§ **Requirement**
Beginning with the line below that contains "- Bundle Includes: YASHICA" and ending with the line that contains "さらに、それぞれの推し色に合", retype every line exactly. Pictures are not copied.

§ **Entries supplied**

====

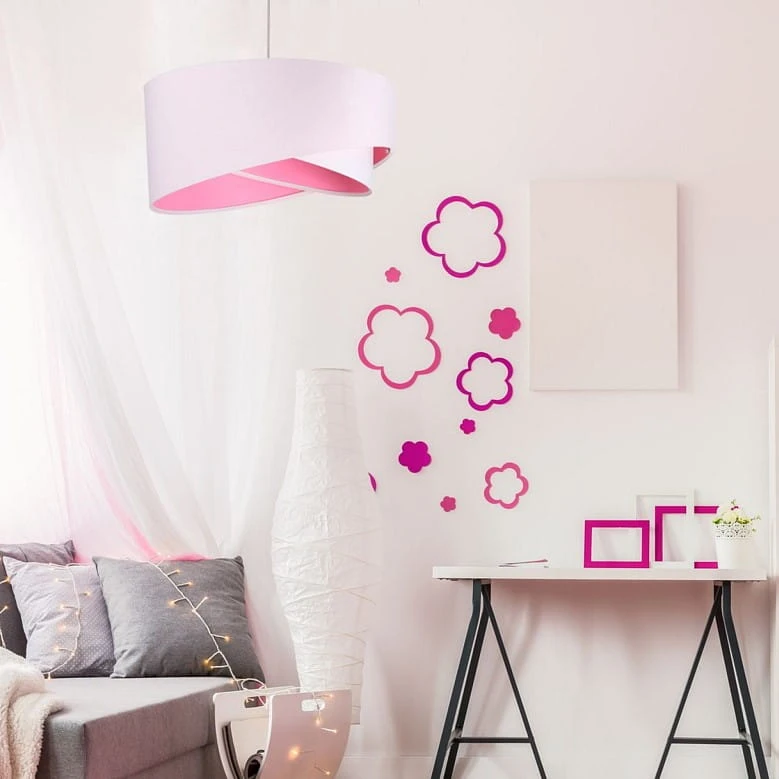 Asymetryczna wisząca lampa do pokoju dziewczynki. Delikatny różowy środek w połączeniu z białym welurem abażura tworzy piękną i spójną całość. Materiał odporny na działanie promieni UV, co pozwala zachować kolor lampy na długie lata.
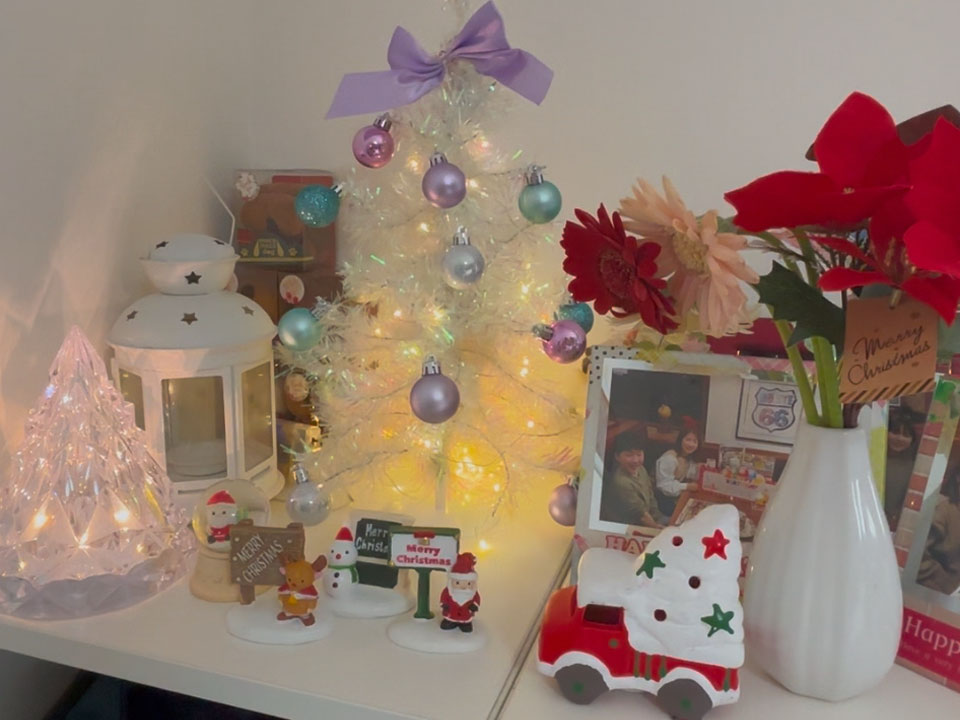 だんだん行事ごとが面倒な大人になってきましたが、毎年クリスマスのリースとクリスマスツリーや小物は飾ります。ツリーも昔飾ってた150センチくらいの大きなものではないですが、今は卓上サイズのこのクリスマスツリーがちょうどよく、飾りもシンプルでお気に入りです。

====

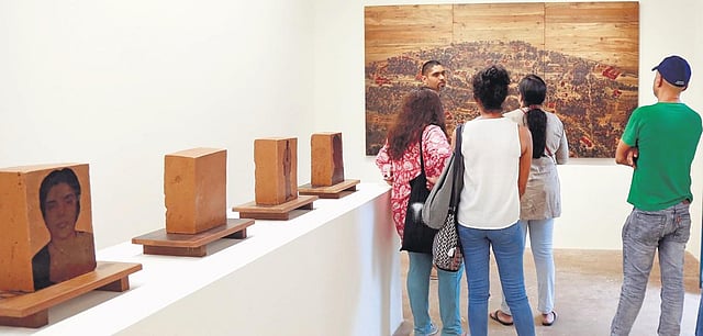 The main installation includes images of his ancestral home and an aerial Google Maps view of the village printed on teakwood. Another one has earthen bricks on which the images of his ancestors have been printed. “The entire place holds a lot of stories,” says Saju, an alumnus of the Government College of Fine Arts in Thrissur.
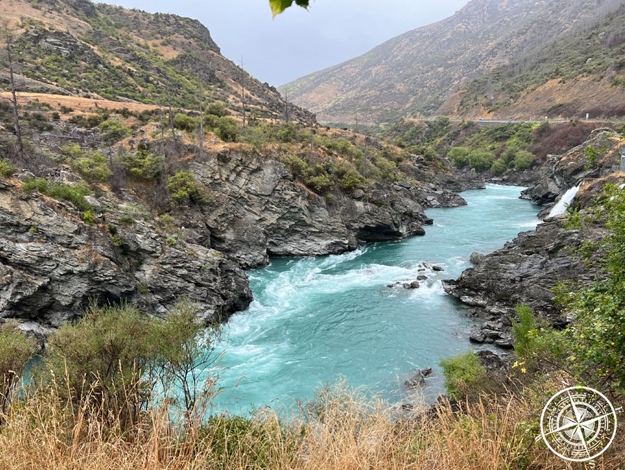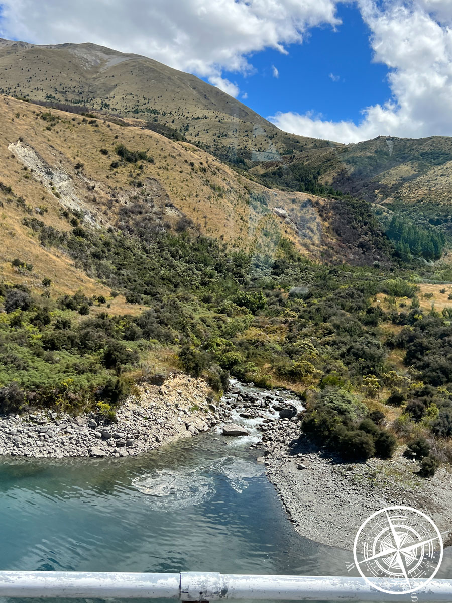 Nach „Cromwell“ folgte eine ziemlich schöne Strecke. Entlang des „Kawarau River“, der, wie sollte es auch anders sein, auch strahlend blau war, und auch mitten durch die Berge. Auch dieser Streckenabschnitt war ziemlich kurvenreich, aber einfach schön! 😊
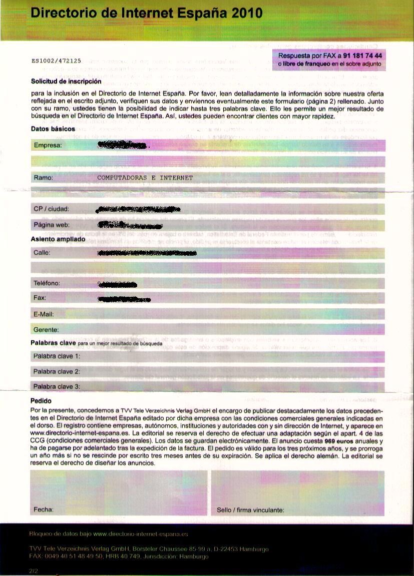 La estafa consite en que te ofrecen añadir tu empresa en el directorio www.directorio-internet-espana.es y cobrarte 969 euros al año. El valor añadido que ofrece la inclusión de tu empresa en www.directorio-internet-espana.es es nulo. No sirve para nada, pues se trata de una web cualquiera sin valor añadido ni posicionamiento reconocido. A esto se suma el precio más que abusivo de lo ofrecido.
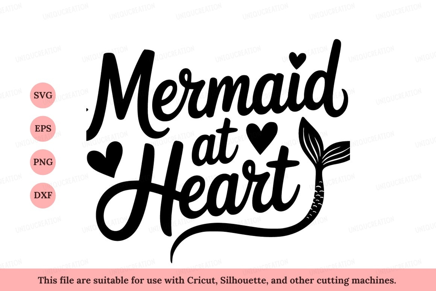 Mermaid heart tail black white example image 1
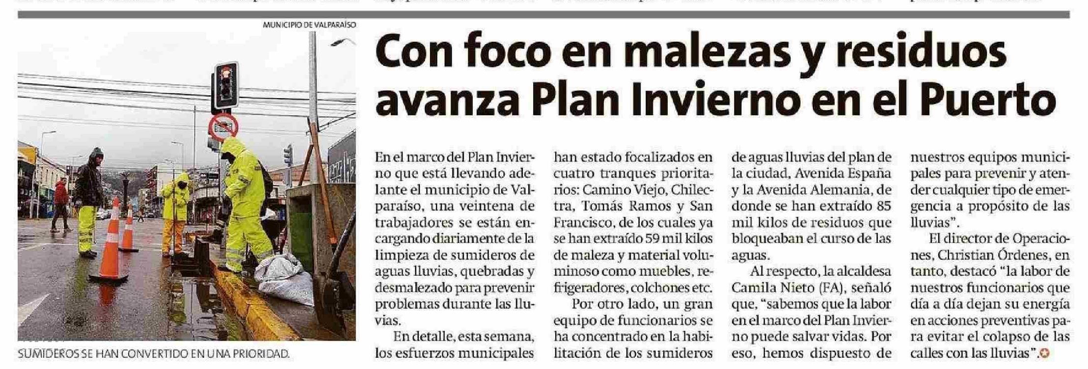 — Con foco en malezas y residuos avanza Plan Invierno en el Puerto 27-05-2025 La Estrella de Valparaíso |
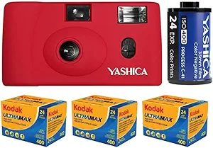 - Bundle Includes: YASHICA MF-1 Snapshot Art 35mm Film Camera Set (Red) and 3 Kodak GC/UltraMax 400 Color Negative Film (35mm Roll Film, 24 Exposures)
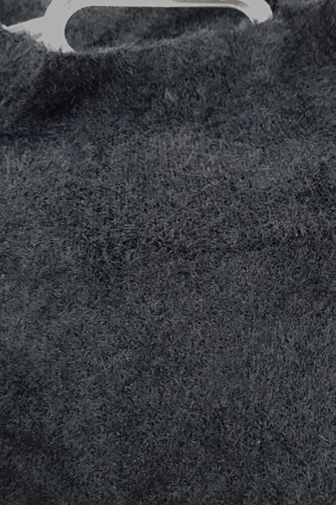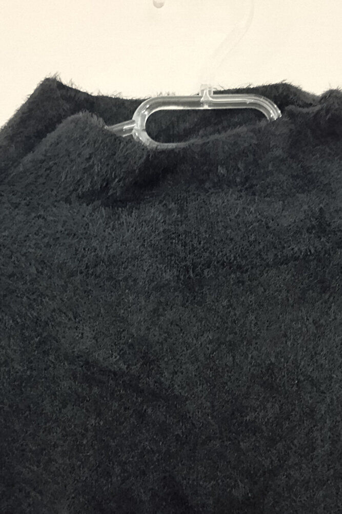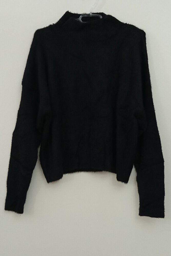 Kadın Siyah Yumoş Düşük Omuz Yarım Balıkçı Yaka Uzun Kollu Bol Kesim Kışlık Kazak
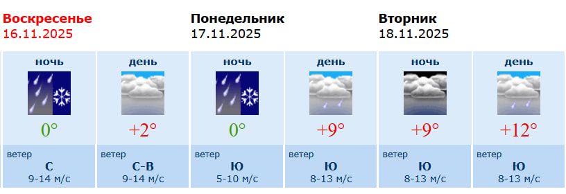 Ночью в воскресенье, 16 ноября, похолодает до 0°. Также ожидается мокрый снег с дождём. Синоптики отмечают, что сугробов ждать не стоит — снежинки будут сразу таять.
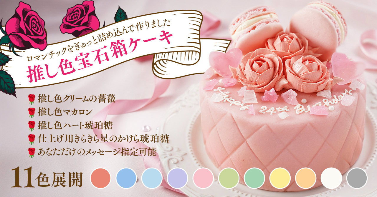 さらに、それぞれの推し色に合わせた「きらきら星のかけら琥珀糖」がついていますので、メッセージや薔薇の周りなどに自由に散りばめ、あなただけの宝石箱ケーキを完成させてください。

====

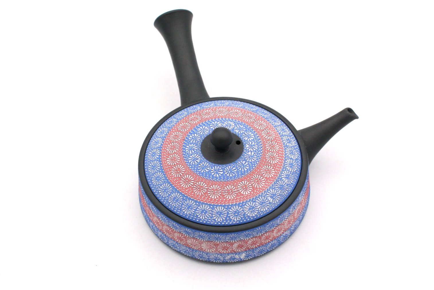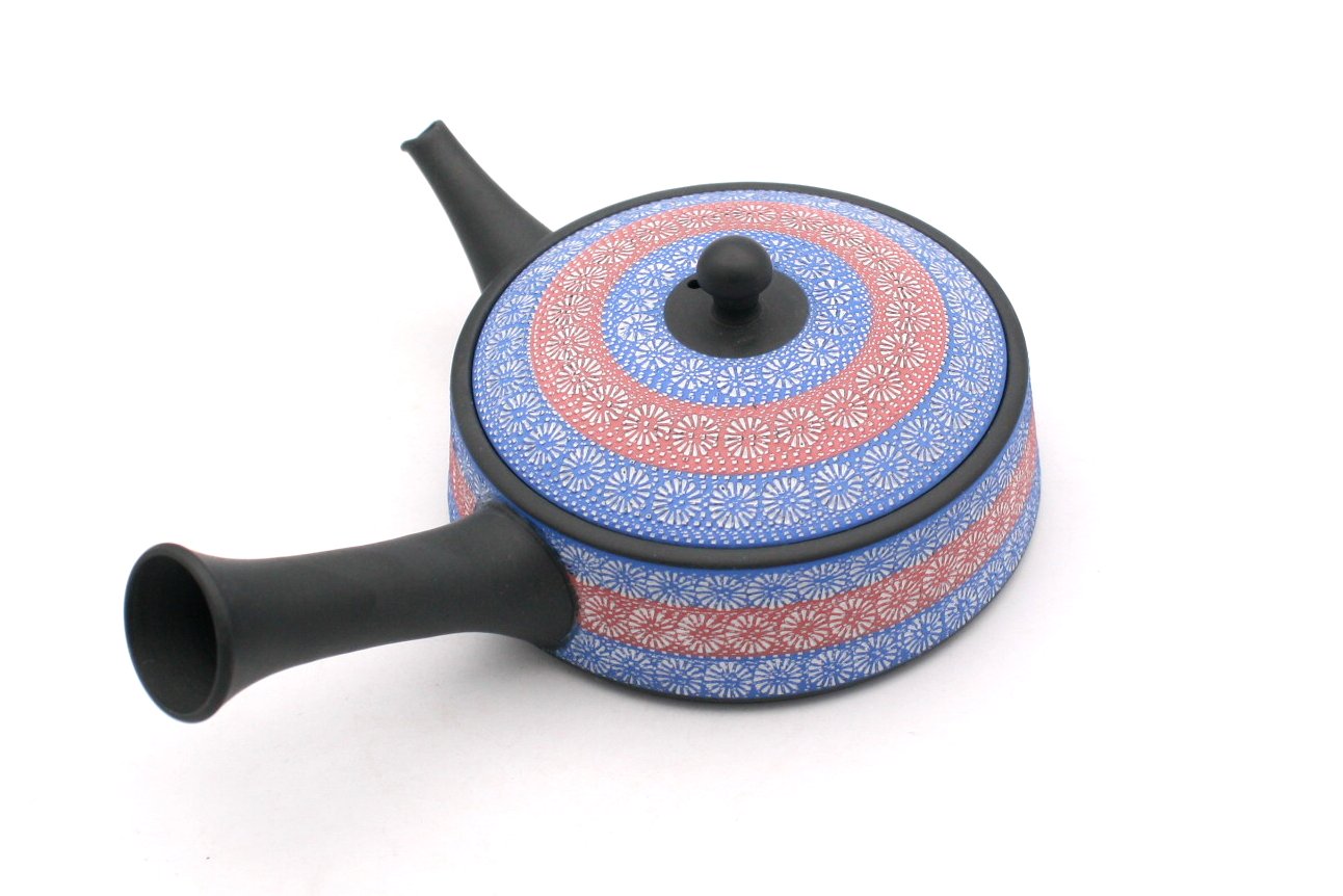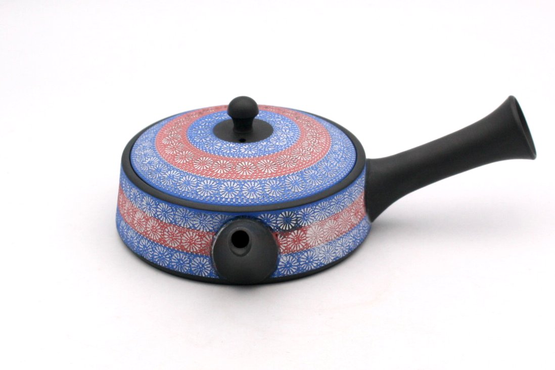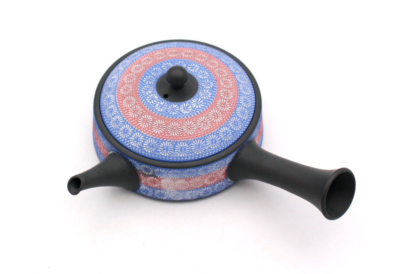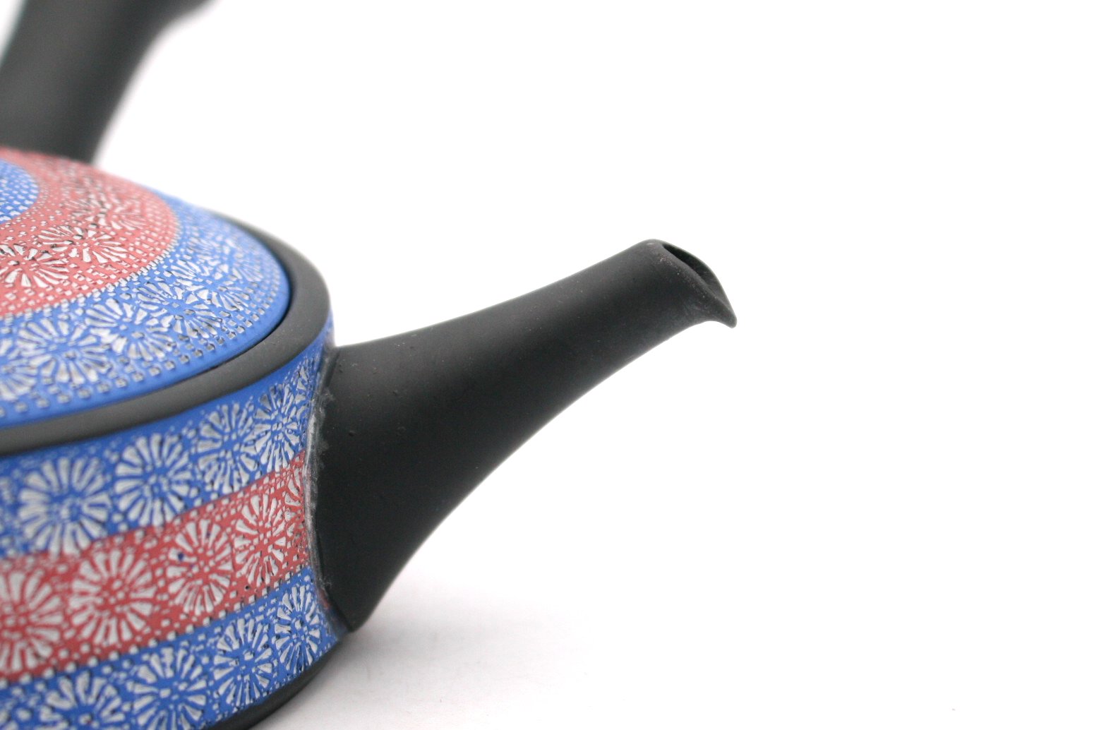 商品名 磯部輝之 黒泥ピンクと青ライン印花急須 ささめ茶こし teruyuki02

====

§ **Response to the task**
 - Bundle Includes: YASHICA MF-1 Snapshot Art 35mm Film Camera Set (Red) and 3 Kodak GC/UltraMax 400 Color Negative Film (35mm Roll Film, 24 Exposures)
 Kadın Siyah Yumoş Düşük Omuz Yarım Balıkçı Yaka Uzun Kollu Bol Kesim Kışlık Kazak
 Ночью в воскресенье, 16 ноября, похолодает до 0°. Также ожидается мокрый снег с дождём. Синоптики отмечают, что сугробов ждать не стоит — снежинки будут сразу таять.
 さらに、それぞれの推し色に合わせた「きらきら星のかけら琥珀糖」がついていますので、メッセージや薔薇の周りなどに自由に散りばめ、あなただけの宝石箱ケーキを完成させてください。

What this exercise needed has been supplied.